=== Section Start ===
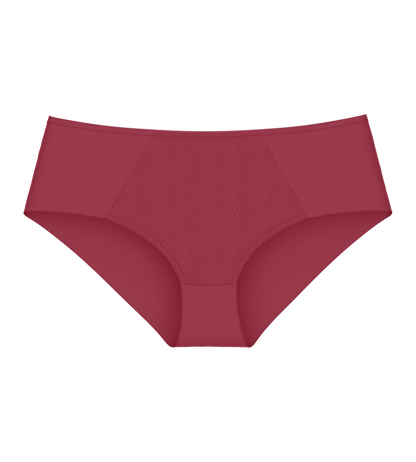 Flot minimizer hipster fra Triumph. Den gode hipster er ekstra bred på siderne og går op og tager det nederste af maven. Den er lavet i lækker mikrofiber, så den er silkeblød at have på. Sæt trussen til den flotte Minimizer bh fra Triumph i samme vinrøde farve, så du får et lækkert Triumph sæt.
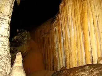 - ↑ En spéléologie, le développement correspond à la longueur cumulée des galeries interconnectées qui composent un réseau souterrain.
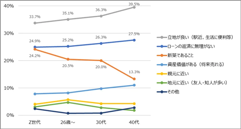 住宅の購入にあたり優先することを聞いたところ(図8)、各世代で立地の良さを求める声が多く挙がりました。世代間で差が大きかった「新築であること」は、Z世代の24.2%に対し、40代では13.3%と10ポイント以上の開きがありました。
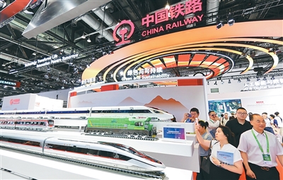 中国国际现代化铁路技术装备展览会集中展示世界各国先进铁路技术和装备。图为观众在展览会上参观。新华社记者 邢广利摄
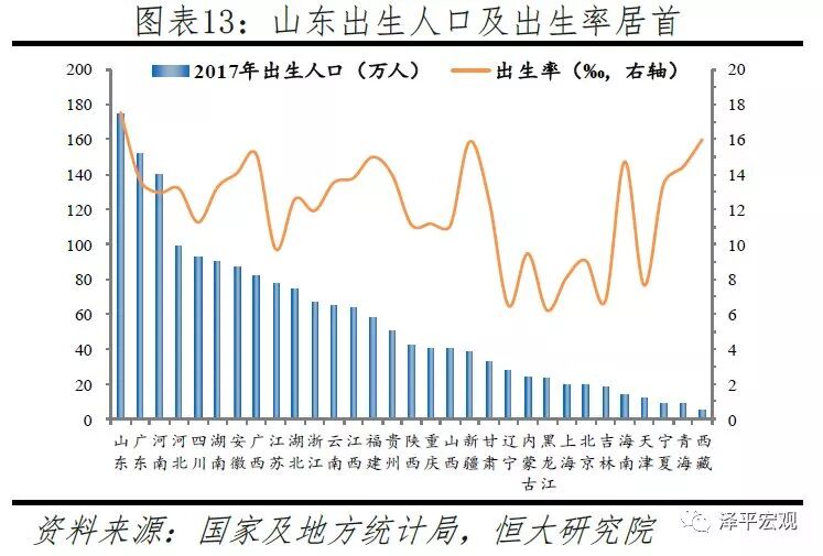 从出生人口看,2017年出生人口超过百万有山东(175万)、广东(152万)、河南(140万)等3个省,合计占全国的27%。从出生率看,山东、西藏、新疆、广西、福建等5省均超过15‰,而黑龙江、辽宁、吉林、天津、上海、内蒙古、北京等7省不到10‰,东北三省甚至不到7‰。从总和生育率看,根据2010年人口普查资料,广西、贵州均超过1.7,而北京、上海、辽宁、黑龙江、吉林则不到0.8。
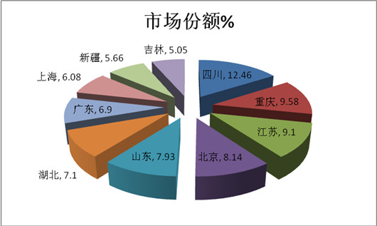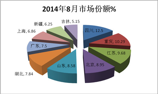 1、四川是LNG客车销量最大的区域市场销量达到121辆,占据LNG总销量的市场份额12.46%,同比集中度下降了0.04个百分点;其次是重庆区域,下降了0.71个百分点;再次是江苏市场,下降了0.58个百分点,也是2014年8月下降幅度较大的区域市场之一;第四是北京市场,第五是山东区域。但与四川区域市场的市场份额差距较大,市场集中度同比均出现不同程度的上升态势(山东除外)。
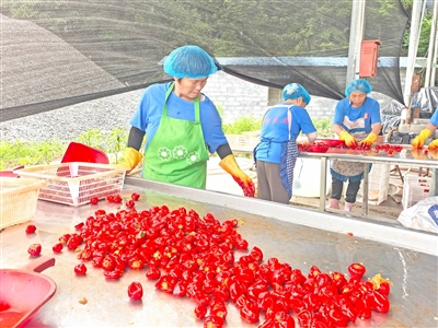 本报讯 (融媒体中心记者石玲聪文/图) 7月24日,重庆首创农业的标准化厂房内一派繁忙景象。工人们正麻利地将一袋袋色泽鲜亮的泡菜封装、打包,叉车来回穿梭,满载的货车整装待发,即将驶向千里之外的浙江市场。车间里弥漫着酸爽开胃的独特气息,这是属于“重庆味道”的收获季节。
=== Section End ===
WORK REQUEST =>
Please transcribe every entry exactly as written, leaving the pictures out.

RESULT BELOW =>
 Flot minimizer hipster fra Triumph. Den gode hipster er ekstra bred på siderne og går op og tager det nederste af maven. Den er lavet i lækker mikrofiber, så den er silkeblød at have på. Sæt trussen til den flotte Minimizer bh fra Triumph i samme vinrøde farve, så du får et lækkert Triumph sæt.
 - ↑ En spéléologie, le développement correspond à la longueur cumulée des galeries interconnectées qui composent un réseau souterrain.
 住宅の購入にあたり優先することを聞いたところ(図8)、各世代で立地の良さを求める声が多く挙がりました。世代間で差が大きかった「新築であること」は、Z世代の24.2%に対し、40代では13.3%と10ポイント以上の開きがありました。
 中国国际现代化铁路技术装备展览会集中展示世界各国先进铁路技术和装备。图为观众在展览会上参观。新华社记者 邢广利摄
 从出生人口看,2017年出生人口超过百万有山东(175万)、广东(152万)、河南(140万)等3个省,合计占全国的27%。从出生率看,山东、西藏、新疆、广西、福建等5省均超过15‰,而黑龙江、辽宁、吉林、天津、上海、内蒙古、北京等7省不到10‰,东北三省甚至不到7‰。从总和生育率看,根据2010年人口普查资料,广西、贵州均超过1.7,而北京、上海、辽宁、黑龙江、吉林则不到0.8。
 1、四川是LNG客车销量最大的区域市场销量达到121辆,占据LNG总销量的市场份额12.46%,同比集中度下降了0.04个百分点;其次是重庆区域,下降了0.71个百分点;再次是江苏市场,下降了0.58个百分点,也是2014年8月下降幅度较大的区域市场之一;第四是北京市场,第五是山东区域。但与四川区域市场的市场份额差距较大,市场集中度同比均出现不同程度的上升态势(山东除外)。
 本报讯 (融媒体中心记者石玲聪文/图) 7月24日,重庆首创农业的标准化厂房内一派繁忙景象。工人们正麻利地将一袋袋色泽鲜亮的泡菜封装、打包,叉车来回穿梭,满载的货车整装待发,即将驶向千里之外的浙江市场。车间里弥漫着酸爽开胃的独特气息,这是属于“重庆味道”的收获季节。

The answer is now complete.